**Problem description**
Copy, word for word, the lines below from the one containing "آلة نفثة 75ml" up to and including the one containing "vue arrière", with pictures left out.

------ Input material

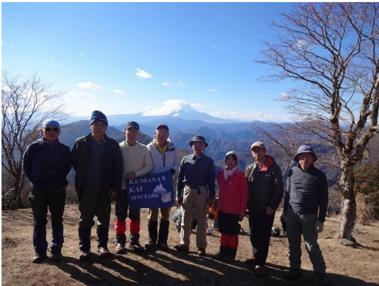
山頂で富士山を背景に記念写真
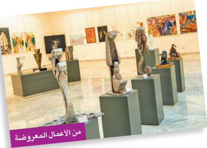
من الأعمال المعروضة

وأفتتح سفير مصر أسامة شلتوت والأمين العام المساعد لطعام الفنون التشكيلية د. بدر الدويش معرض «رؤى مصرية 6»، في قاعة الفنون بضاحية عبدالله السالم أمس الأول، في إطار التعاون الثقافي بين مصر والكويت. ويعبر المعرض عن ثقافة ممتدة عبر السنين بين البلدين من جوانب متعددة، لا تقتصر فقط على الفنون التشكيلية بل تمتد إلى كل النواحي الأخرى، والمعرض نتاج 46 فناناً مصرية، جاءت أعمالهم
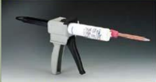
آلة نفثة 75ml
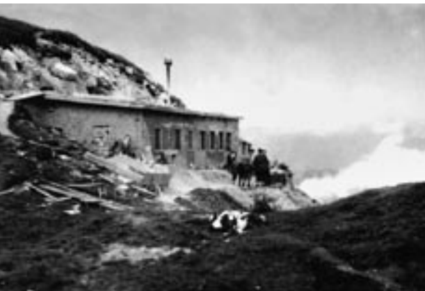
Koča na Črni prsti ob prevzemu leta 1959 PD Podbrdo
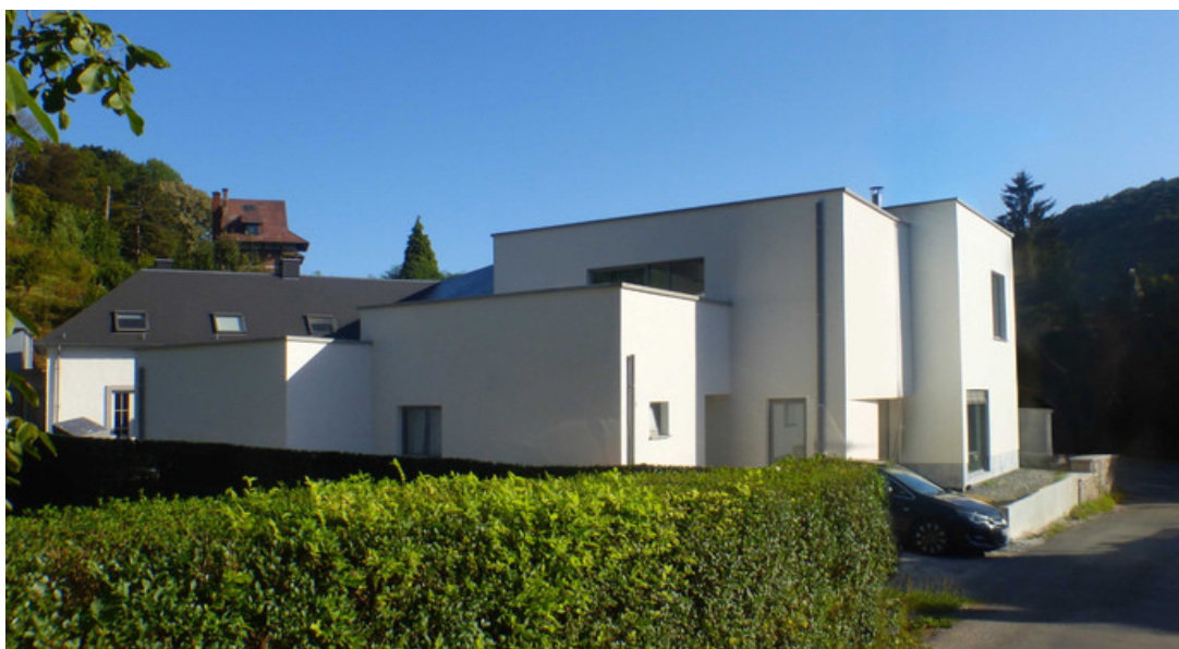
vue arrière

------------
------ Input material

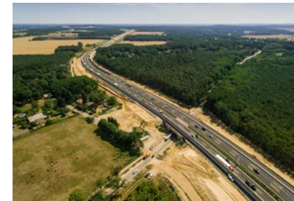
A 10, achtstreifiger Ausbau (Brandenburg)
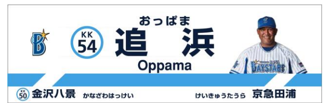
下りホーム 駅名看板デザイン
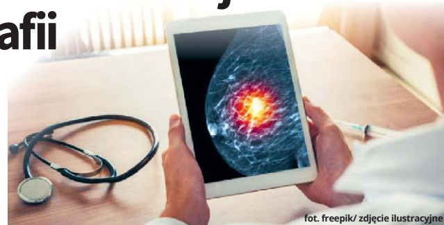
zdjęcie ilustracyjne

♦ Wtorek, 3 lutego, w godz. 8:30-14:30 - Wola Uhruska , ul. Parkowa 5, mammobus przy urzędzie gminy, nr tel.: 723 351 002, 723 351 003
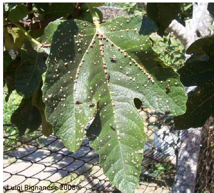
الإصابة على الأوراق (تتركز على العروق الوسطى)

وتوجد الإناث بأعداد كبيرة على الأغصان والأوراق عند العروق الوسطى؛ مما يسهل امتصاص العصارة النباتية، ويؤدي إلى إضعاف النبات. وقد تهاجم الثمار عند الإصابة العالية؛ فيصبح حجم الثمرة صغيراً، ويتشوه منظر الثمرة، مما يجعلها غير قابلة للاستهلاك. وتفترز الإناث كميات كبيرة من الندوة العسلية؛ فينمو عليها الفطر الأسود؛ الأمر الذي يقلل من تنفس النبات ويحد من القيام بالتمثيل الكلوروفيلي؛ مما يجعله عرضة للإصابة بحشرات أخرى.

------------
------ Input material

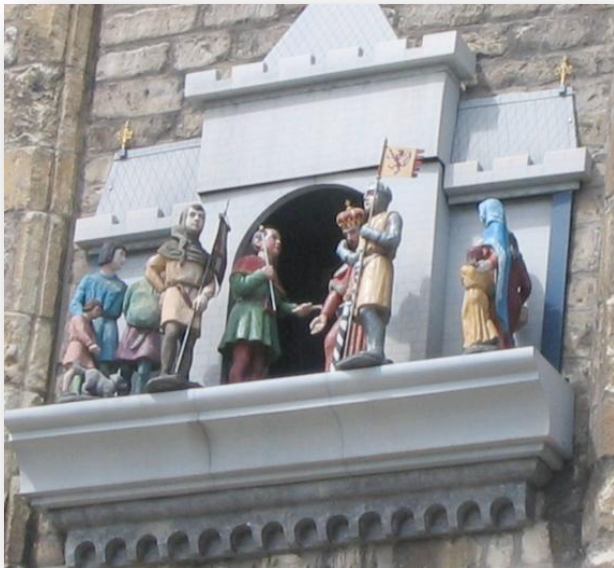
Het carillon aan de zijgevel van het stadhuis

------------

**Output below**
آلة نفثة 75ml
Koča na Črni prsti ob prevzemu leta 1959 PD Podbrdo
vue arrière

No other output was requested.